→ EXERCISE PROMPT:
An exact reproduction of the lines below, from the first through the one with "Bohemian Style Floral", is the whole answer; pictures have no place in it.

→ GIVEN DATA:
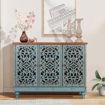 Rustic Carved Wood Accent Cabinet with 3 Doors – Farmhouse Sideboard Buffet
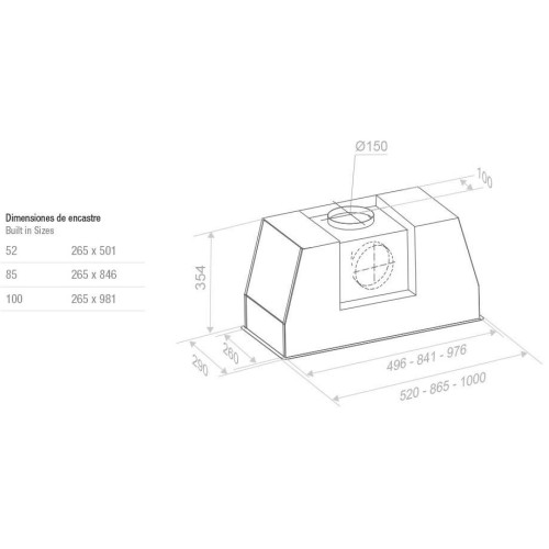 Встраиваемая вытяжка PANDO PRO 85 INOX V 1050 SEC PLUS
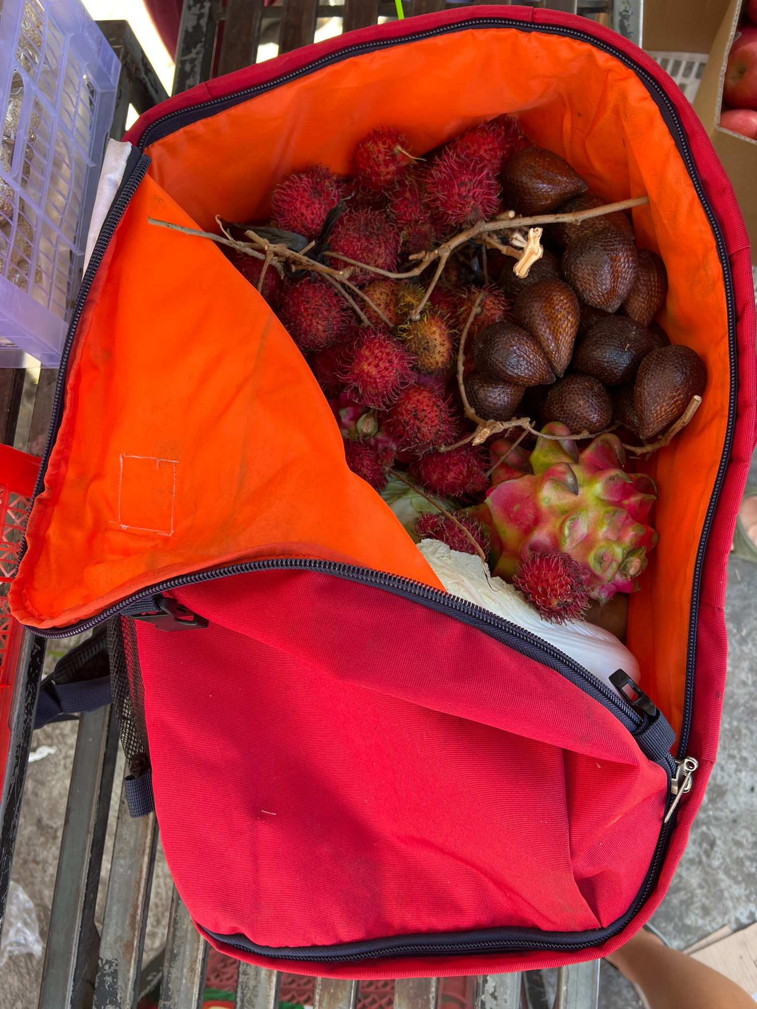 The image shows a red and orange backpack, open and filled with a variety of fresh fruits. These include rambutans, salak, and a dragon fruit. A leafy green vegetable also sits among the fruits. The b…read more
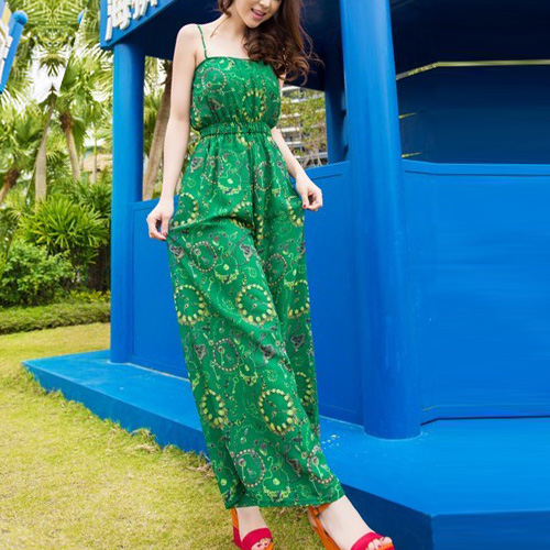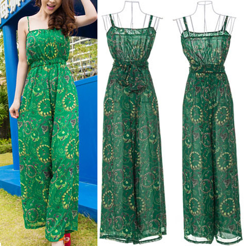 Bohemian Style Floral Print High Waist Chiffon Jumpsuits
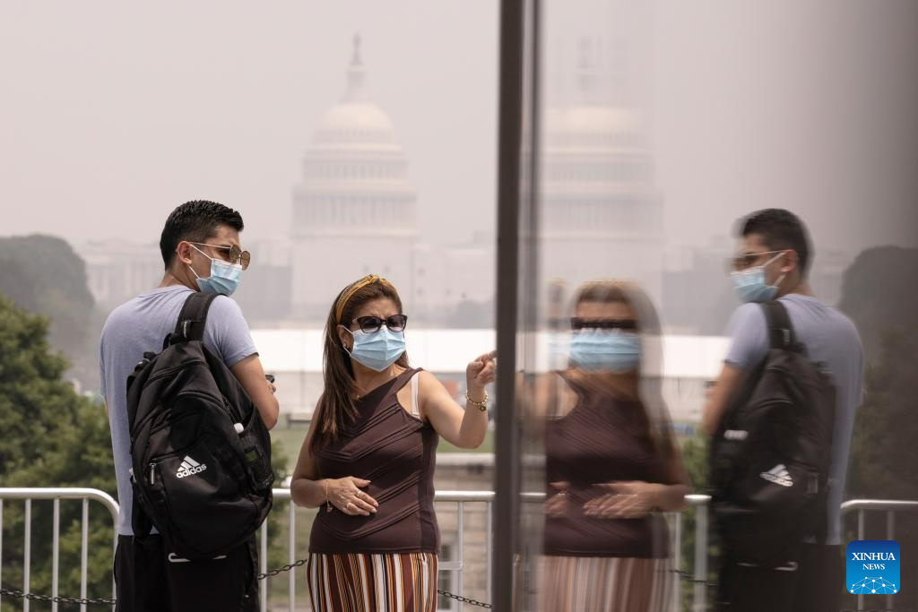 People wearing face masks are seen with the U.S. Capitol building shrouded in haze in the background in Washington, D.C., the United States, on June 29, 2023. (Photo by Aaron Schwartz/Xinhua)
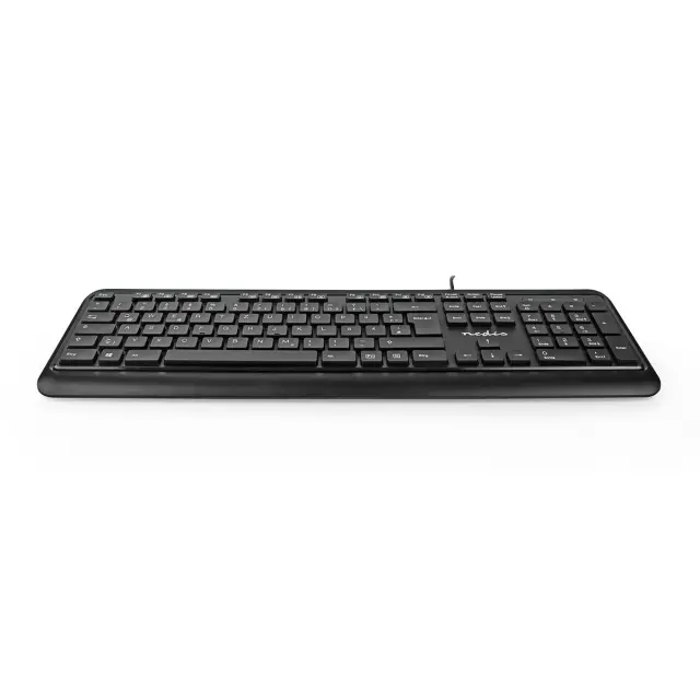 Nedis, Žična tipkovnica USB-A QWERTY z nemško razporeditvijo, 104 gumbi, Črna
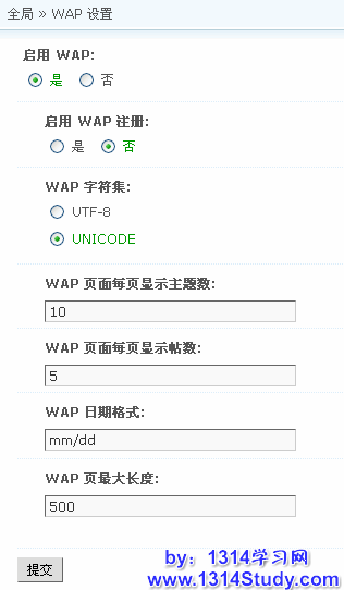 我们可以在论坛后台对 WAP 进行设置,首先进入论坛后台 => 全局 => WAP 设置,如下图所示就进入了 WAP 的设置界面。

→ EXERCISE SOLUTION:
 Rustic Carved Wood Accent Cabinet with 3 Doors – Farmhouse Sideboard Buffet
 Встраиваемая вытяжка PANDO PRO 85 INOX V 1050 SEC PLUS
 The image shows a red and orange backpack, open and filled with a variety of fresh fruits. These include rambutans, salak, and a dragon fruit. A leafy green vegetable also sits among the fruits. The b…read more
 Bohemian Style Floral Print High Waist Chiffon Jumpsuits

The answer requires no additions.